We’ve found caves with cave paintings and ways of communicating over time and between people.
We’ve found underground cities where the caves became networked, like in Cappadocia, Turkey. There are underground cities all over the world.
And what are our homes above the ground but customized caves that we build of different materials?
And what so many workplaces but caves? What is most transportation but mobile caverns? They give us a false sense of security as we careen from one cave to another, hopefully avoiding other mobile caverns along the way.
Drinking and hurtling is not only not suggested, it is actually now Law in most places in the world.
Like all caves, we have these views of the outside. When people congregated in the same geography, they had similar views. When two neighbors look outside, they see the same thing from slightly different angles. The larger the distance between people, the greater the angles, the greater the difference in perspectives.
This could be pretty manageable once the view was not too far away. It helps if everyone’s looking at the center, at the same thing, but that’s not how it works usually and also seems pretty much like a panopticon: a design of institutional building with an inbuilt system of control.
Meanwhile, our world evolved.
It was pretty manageable. Then we got mass communications and installed another ‘window’ into the caves we run back to, and people within range could see and/or hear exactly the same thing at the same time.
That was pretty manageable.
Channels showed up, people followed their preferences, and things got a bit more complicated.
We have curtains in our caves, and we pull them when we don’t want the light to come in, or we want privacy which is little more than a sense of security for our secrets.
We change the channels in much the same way, sometimes forgetting we can close all the curtains if we want to.

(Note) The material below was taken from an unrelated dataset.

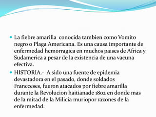 La fiebre amarilla es una enfermedad hemorrágica causada por el virus de la fiebre amarilla, que se transmite a través de la picadura de mosquitos en áreas tropicales y subtropicales de América y África. Históricamente ha causado devastadoras epidemias y sigue siendo una causa importante de enfermedad en países sin vacunación efectiva. Los síntomas incluyen fiebre, dolor de cabeza, náuseas y, en algunos casos, ictericia, insuficiencia renal y muerte. La mejor

Since people now can pick channels, from the radio to the Internet, we get people seeing the same ‘views’ from their caves despite geography. People who view the same content may be as far as way as possible on our planet, or right next door – but the probability that people are looking at the same things decreases the more channels we have. Echo chambers of indeterminate populations show up, and confirmation biases are fed to maintain the echo chamber because living in caves can be expensive.
We all want our own version of the ‘best cave’ after all. We want to be near the best food, not unlike our cousin primates that fight over fruit tree territory. We want the best stuff near us, and we want to have it but what we consider to be the best varies.
An advance here may seem like the opposite of progress there. A developing country’s citizens may see the rapid advances elsewhere and feel that they have no way to advance to the same level.
Broadcasts will have people believing that the ‘grass is greener’ in one area even though it isn’t, too. People may want to get caves where the grass is greener. This causes all sorts of fun immigration problems as people try to cross lines that someone drew some time ago.
Sure, people unite for good reasons, but sometimes they unite for bad reasons dressed as good reasons. Their views collide.
Here we are, staring from our caves, trying to negotiate the future from the comfort of these caves. We’re all watching different channels, we’re all more interested in some channels than others.
Somewhere along the way, going outside of caves was considered beneath some of us, and because of that the reality that the caves exist in is lost to them. A person worried about the affairs of some distant nations may not notice the garbage piling up right outside our doors because the view through the flat screens have a higher priority than one outside.
I’m sure I knew where I was going with this when it started, but it will be a stub for now. Think ‘Allegory of the Cave‘ clashing all over. Also, consider the following quote:
“The real problem of humanity is the following: We have Paleolithic emotions, medieval institutions and godlike technology. And it is terrifically dangerous, and it is now approaching a point of crisis overall.”